◆ What you need to do
Could you retype the entries below exactly, omitting every picture?

◆ Exercise material
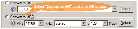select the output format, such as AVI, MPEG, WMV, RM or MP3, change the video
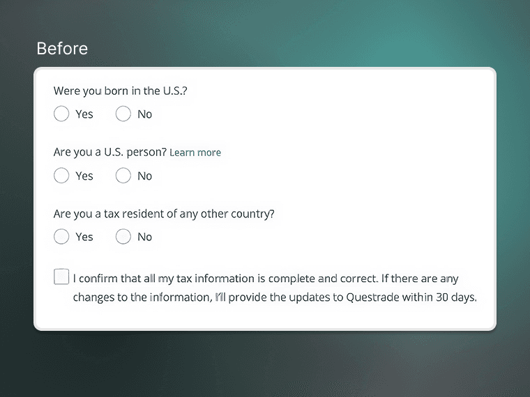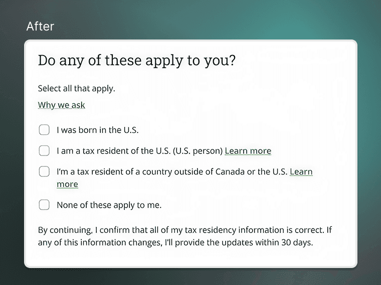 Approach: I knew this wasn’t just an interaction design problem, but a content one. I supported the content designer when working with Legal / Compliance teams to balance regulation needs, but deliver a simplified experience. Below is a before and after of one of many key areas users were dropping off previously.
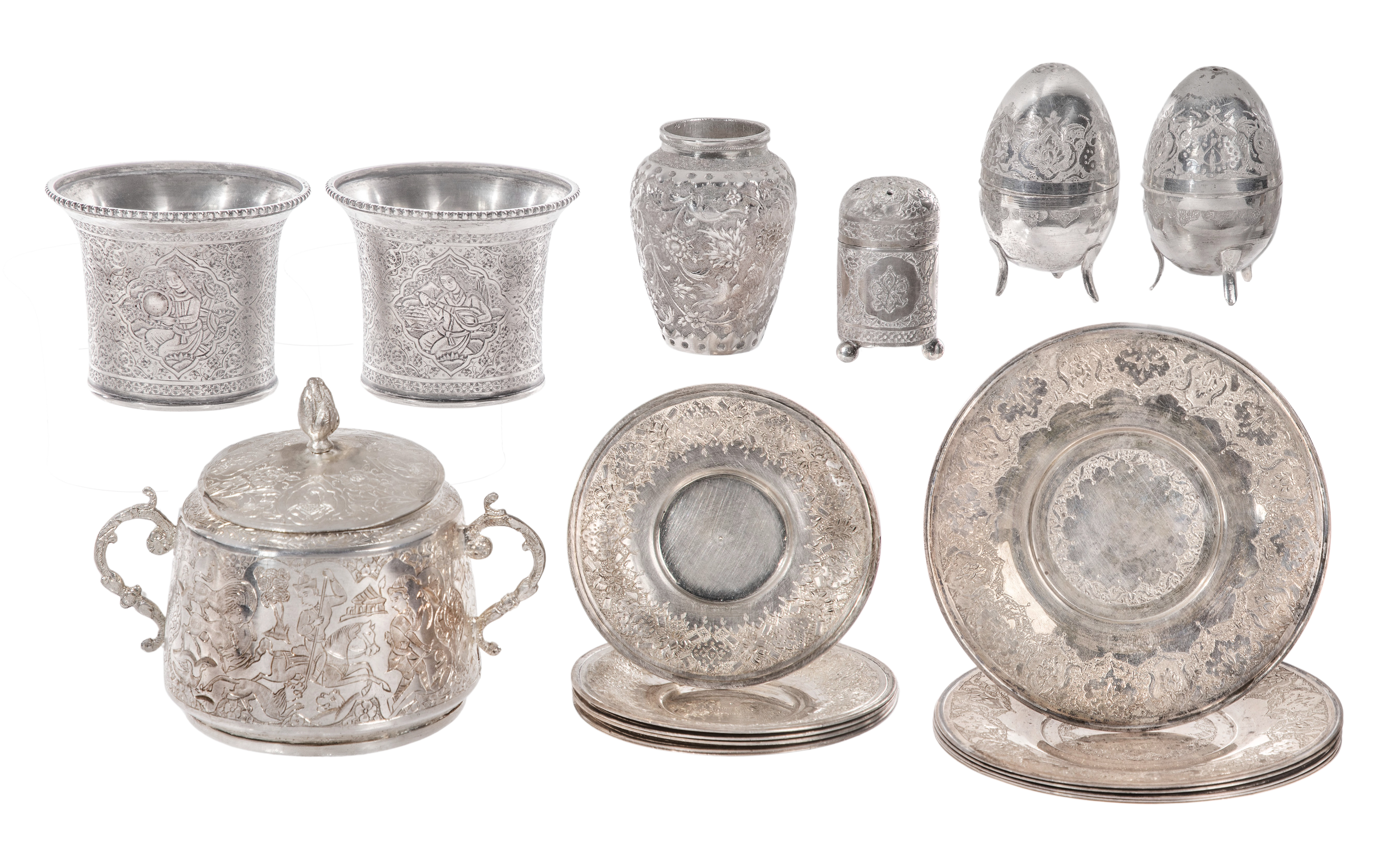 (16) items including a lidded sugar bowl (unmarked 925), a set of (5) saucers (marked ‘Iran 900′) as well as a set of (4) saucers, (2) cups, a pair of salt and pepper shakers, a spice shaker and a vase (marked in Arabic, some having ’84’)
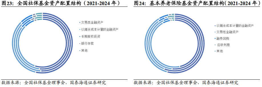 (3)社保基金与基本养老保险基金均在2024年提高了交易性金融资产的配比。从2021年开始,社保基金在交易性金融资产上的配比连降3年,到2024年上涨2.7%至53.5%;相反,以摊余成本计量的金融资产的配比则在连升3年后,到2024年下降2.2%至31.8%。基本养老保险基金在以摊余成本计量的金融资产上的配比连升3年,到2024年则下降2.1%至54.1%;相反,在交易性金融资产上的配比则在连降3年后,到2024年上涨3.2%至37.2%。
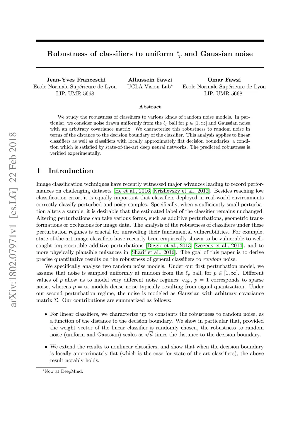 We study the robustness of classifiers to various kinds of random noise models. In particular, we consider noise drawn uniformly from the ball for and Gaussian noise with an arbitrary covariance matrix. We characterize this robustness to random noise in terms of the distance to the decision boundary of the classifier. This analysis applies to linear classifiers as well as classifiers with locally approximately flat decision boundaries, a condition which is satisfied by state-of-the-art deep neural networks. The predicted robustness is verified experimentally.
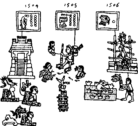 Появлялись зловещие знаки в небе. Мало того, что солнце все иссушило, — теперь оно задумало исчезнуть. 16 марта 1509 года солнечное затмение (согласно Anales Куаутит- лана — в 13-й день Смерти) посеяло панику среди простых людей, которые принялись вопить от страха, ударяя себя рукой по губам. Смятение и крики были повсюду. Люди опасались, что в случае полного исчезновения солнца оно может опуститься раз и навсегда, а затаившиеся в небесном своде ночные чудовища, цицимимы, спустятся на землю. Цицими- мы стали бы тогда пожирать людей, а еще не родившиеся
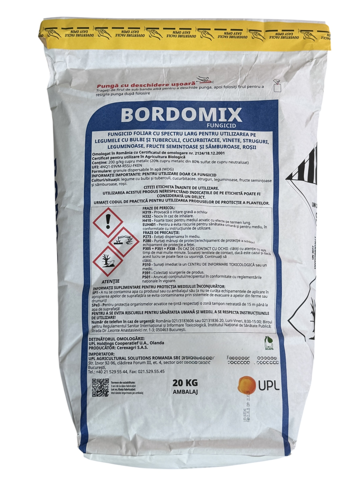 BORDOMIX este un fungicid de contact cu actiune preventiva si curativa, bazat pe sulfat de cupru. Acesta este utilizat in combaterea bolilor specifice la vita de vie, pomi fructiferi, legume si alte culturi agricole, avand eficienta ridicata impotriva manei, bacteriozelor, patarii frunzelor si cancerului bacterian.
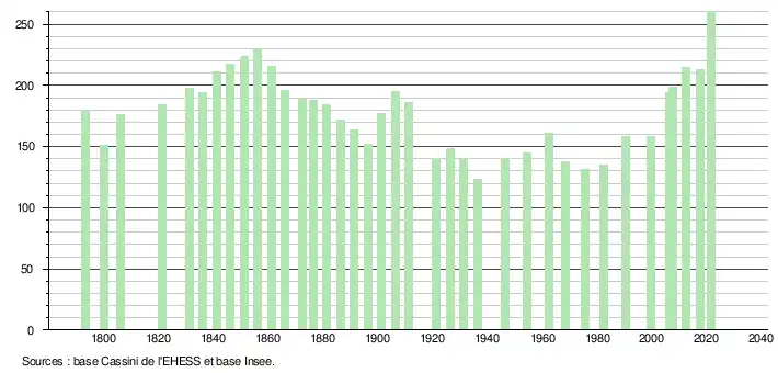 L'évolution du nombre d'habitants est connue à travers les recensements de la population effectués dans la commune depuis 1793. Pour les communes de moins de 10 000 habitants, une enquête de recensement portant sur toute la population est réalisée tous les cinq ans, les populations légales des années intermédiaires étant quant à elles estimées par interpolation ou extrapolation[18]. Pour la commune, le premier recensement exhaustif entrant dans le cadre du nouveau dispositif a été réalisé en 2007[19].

◆ Answer area
select the output format, such as AVI, MPEG, WMV, RM or MP3, change the video
 Approach: I knew this wasn’t just an interaction design problem, but a content one. I supported the content designer when working with Legal / Compliance teams to balance regulation needs, but deliver a simplified experience. Below is a before and after of one of many key areas users were dropping off previously.
 (16) items including a lidded sugar bowl (unmarked 925), a set of (5) saucers (marked ‘Iran 900′) as well as a set of (4) saucers, (2) cups, a pair of salt and pepper shakers, a spice shaker and a vase (marked in Arabic, some having ’84’)
 (3)社保基金与基本养老保险基金均在2024年提高了交易性金融资产的配比。从2021年开始,社保基金在交易性金融资产上的配比连降3年,到2024年上涨2.7%至53.5%;相反,以摊余成本计量的金融资产的配比则在连升3年后,到2024年下降2.2%至31.8%。基本养老保险基金在以摊余成本计量的金融资产上的配比连升3年,到2024年则下降2.1%至54.1%;相反,在交易性金融资产上的配比则在连降3年后,到2024年上涨3.2%至37.2%。
 We study the robustness of classifiers to various kinds of random noise models. In particular, we consider noise drawn uniformly from the ball for and Gaussian noise with an arbitrary covariance matrix. We characterize this robustness to random noise in terms of the distance to the decision boundary of the classifier. This analysis applies to linear classifiers as well as classifiers with locally approximately flat decision boundaries, a condition which is satisfied by state-of-the-art deep neural networks. The predicted robustness is verified experimentally.
 Появлялись зловещие знаки в небе. Мало того, что солнце все иссушило, — теперь оно задумало исчезнуть. 16 марта 1509 года солнечное затмение (согласно Anales Куаутит- лана — в 13-й день Смерти) посеяло панику среди простых людей, которые принялись вопить от страха, ударяя себя рукой по губам. Смятение и крики были повсюду. Люди опасались, что в случае полного исчезновения солнца оно может опуститься раз и навсегда, а затаившиеся в небесном своде ночные чудовища, цицимимы, спустятся на землю. Цицими- мы стали бы тогда пожирать людей, а еще не родившиеся
 BORDOMIX este un fungicid de contact cu actiune preventiva si curativa, bazat pe sulfat de cupru. Acesta este utilizat in combaterea bolilor specifice la vita de vie, pomi fructiferi, legume si alte culturi agricole, avand eficienta ridicata impotriva manei, bacteriozelor, patarii frunzelor si cancerului bacterian.
 L'évolution du nombre d'habitants est connue à travers les recensements de la population effectués dans la commune depuis 1793. Pour les communes de moins de 10 000 habitants, une enquête de recensement portant sur toute la population est réalisée tous les cinq ans, les populations légales des années intermédiaires étant quant à elles estimées par interpolation ou extrapolation[18]. Pour la commune, le premier recensement exhaustif entrant dans le cadre du nouveau dispositif a été réalisé en 2007[19].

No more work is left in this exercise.